Bonny Light Horseman: « Bonny Light Horseman »

La plupart des ensembles folk se contentent de couvrir des éléments qui les ont influencés quelque part dans leur vie, Ce n’était pas suffisant pour Bonny Light Horseman. Le trio chanteur/multi-instrumentiste a plutôt parcouru le passé lointain et poussiéreux pour faire revivre des chansons transmises à travers les âges, dont beaucoup ont des centaines d’années. 

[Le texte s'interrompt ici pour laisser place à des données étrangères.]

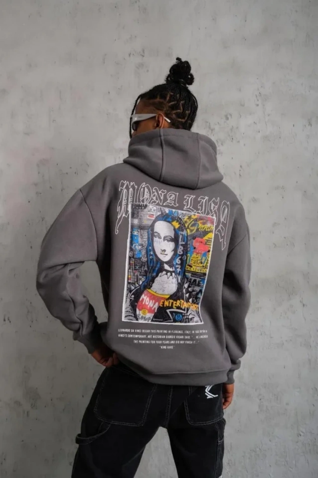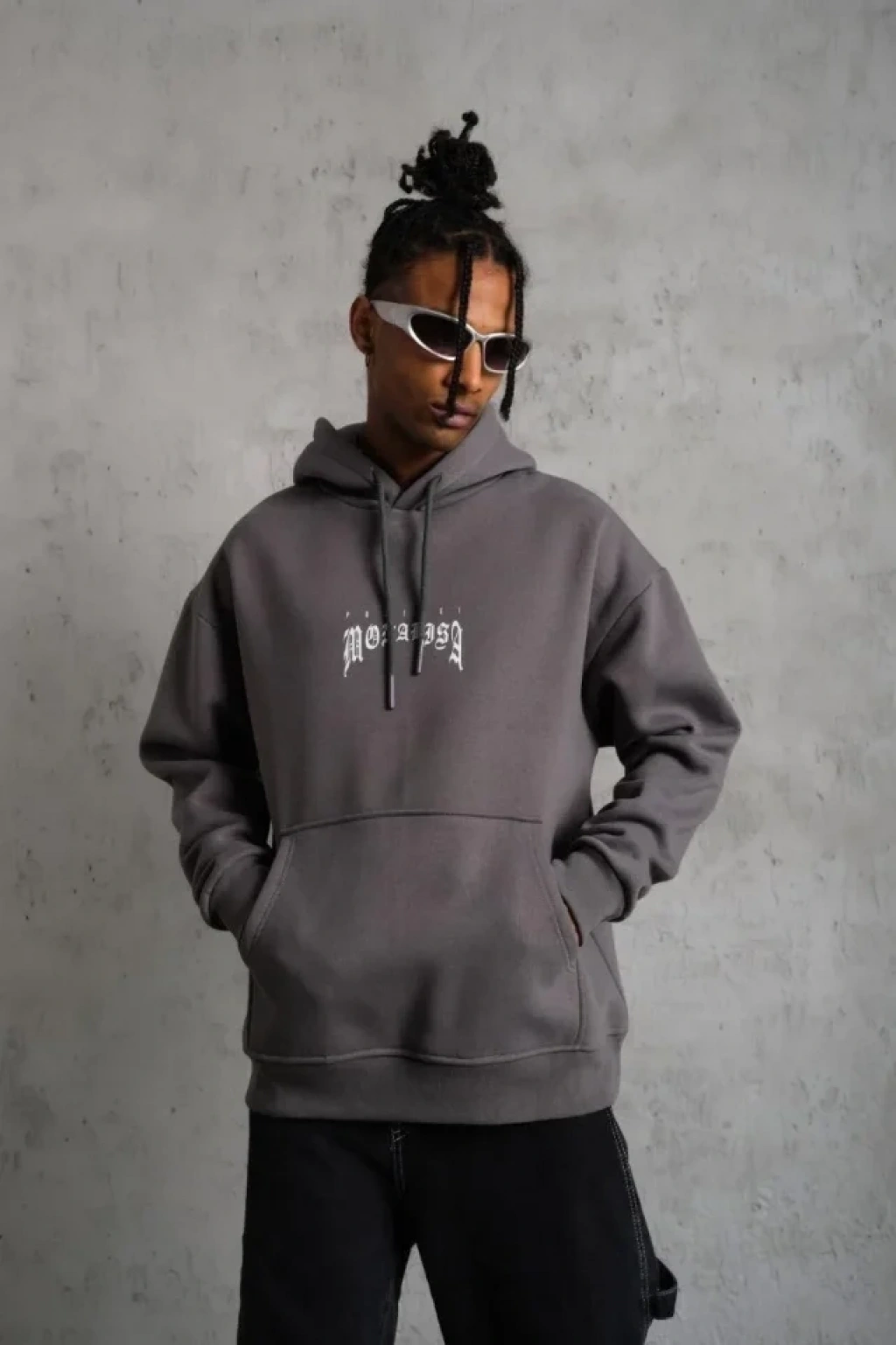 Erkek Baskılı Kapüşonlu Ve Kanguru Cepli weat Gri

C’est le concept de ce premier album du trio composé d’Anais Mitchell, Eric D. Johnson et Josh Kaufman. Johnson est probablement le membre le plus connu en raison de son travail devant les vétérans de Fruit Bats. Mais les autres ont des curriculum vitae impressionnants même s’ils ne sont pas aussi bien reconnus ; Mitchell a écrit la comédie musicale Hadestown Broadway, Kaufman a travaillé avec tout le monde, de Bob Weir à Josh Ritter et Hiss Golden Messenger. Ensemble, ils unissent leurs forces musicales et vocales pour interpréter (et parfois ajouter de nouvelles paroles) des airs folkloriques traditionnels. Bien sûr, c’est une façon intelligente d’éviter de payer des droits d’auteur puisque tout cela est du domaine public, mais ce n’est pas la question. La tenue montre plutôt comment ces chansons moisies, pour la plupart oubliées, peuvent sonner de façon contemporaine avec une musique réarrangée et des voix revigorées. 

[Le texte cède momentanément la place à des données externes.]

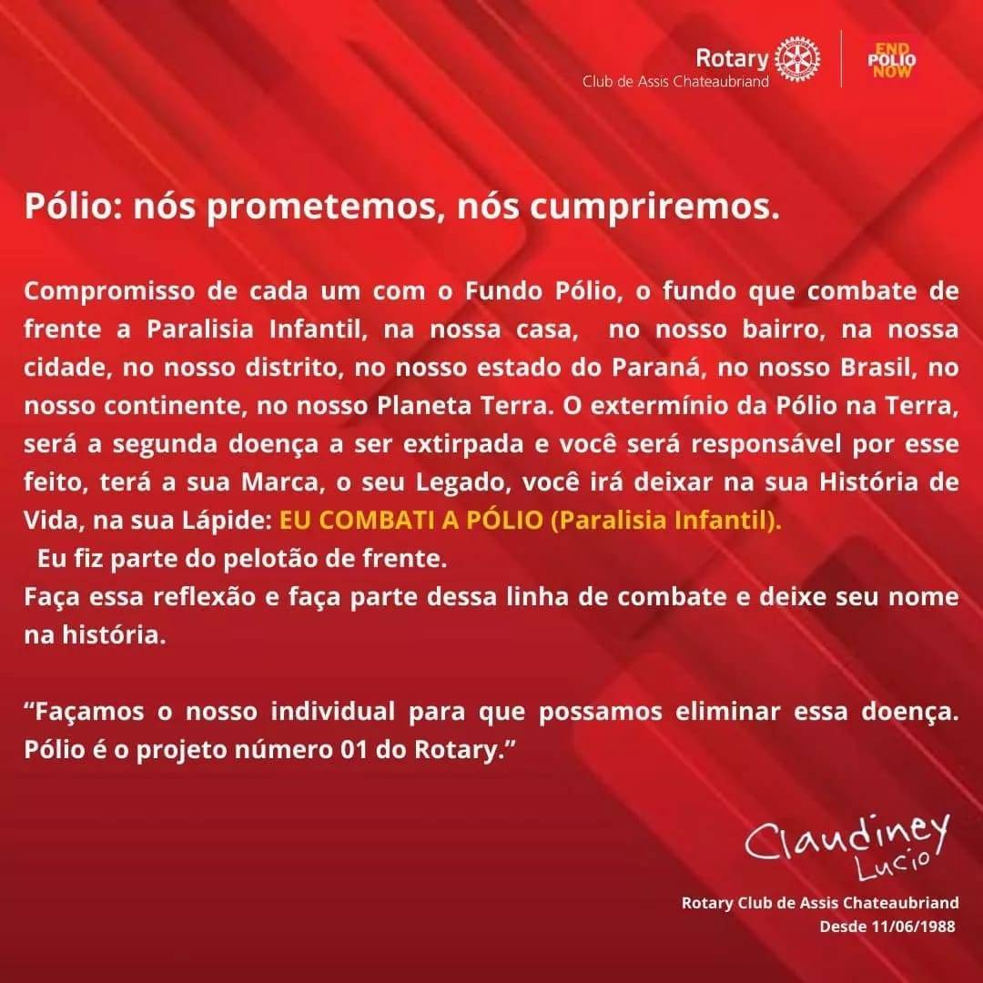 Compromisso de cada um com o Fundo Pólio, o fundo que combate de frente a Paralisia Infantil, na nossa casa, no nosso bairro, na nossa cidade, no nosso distrito, no nosso es-tado do Paraná, no nosso Brasil, no nosso continente, no Planeta Terra. O extermínio da Pólio na Terra, será a segunda doença a ser extirpada e você será responsável por esse feito, terá a sua Marca, o seu Legado, você irá deixar na sua História de Vida,

Elles ne font pas de rock et il n’y a même pas d’instruments électriques. Mais Bonny Light Horseman trouve le cœur de cette musique et l’extrapolent à des guitares (principalement) acoustiques, en ajoutant aux magnifiques harmonies des percussions squelettiques, avec parfois des saxophones et d’autres instruments. Les morceaux sont transformés avec une instrumentation fraîche et roots basée sur la tradition, mais avec des arrangements modernes et clairsemés. Il est bon que la voix sourde de Mitchell soit une douce combinaison d’Emmylou Harris et de Dolly Parton lorsqu’elle interprète les paroles de la perte et de la frustration que son être cher ne reviendra pas dans « Lowlands ». Il n’y a aucune chanson actuelle qui inclurait des paroles comme : « I’ll cut off all my long black hair/While my lowlands away…/No other man will think me fair. » (Je vais couper tous mes longs cheveux noirs / Pendant que mes terres basses s’éloignent… / Aucun autre homme ne me trouvera juste.) Au-dela deu personnel anecdotique, les sentiments restent, on le voit, universels.

Les versions remaniées conservent l’essentiel des mots traditionnels, mais insufflent subtilement à ces dix joyaux anciens une dose d’énergie vive, vive et entraînante. Les voix du trio, élargi à un quatuor avec Justin Vernon comme invité sur « Bright Morning Stars », se sentent ouvertes et naturelles. La simplicité de morceaux comme « Jane Jane », un chant de Noël qui transcende le temps pour devenir un appel et une réponse douce, illustre le succès du disque. 

Il s’agit d’un classique du folk qui brille par sa vitalité et sa détermination ; si hypnotique et si cohérent, on dirait qu’ils ont écrit eux-mêmes ces sélections. Et à l’exception de quelques références passées, il n’y a pas grand-chose de daté dans cette approche magnifique. Cela prouve ce que nous savons tous : les grandes chansons sont éternelles et, entre de bonnes mains, elles peuvent résister aux sables du temps qui font disparaître dans l’obscurité leurs auteurs longtemps oubliés.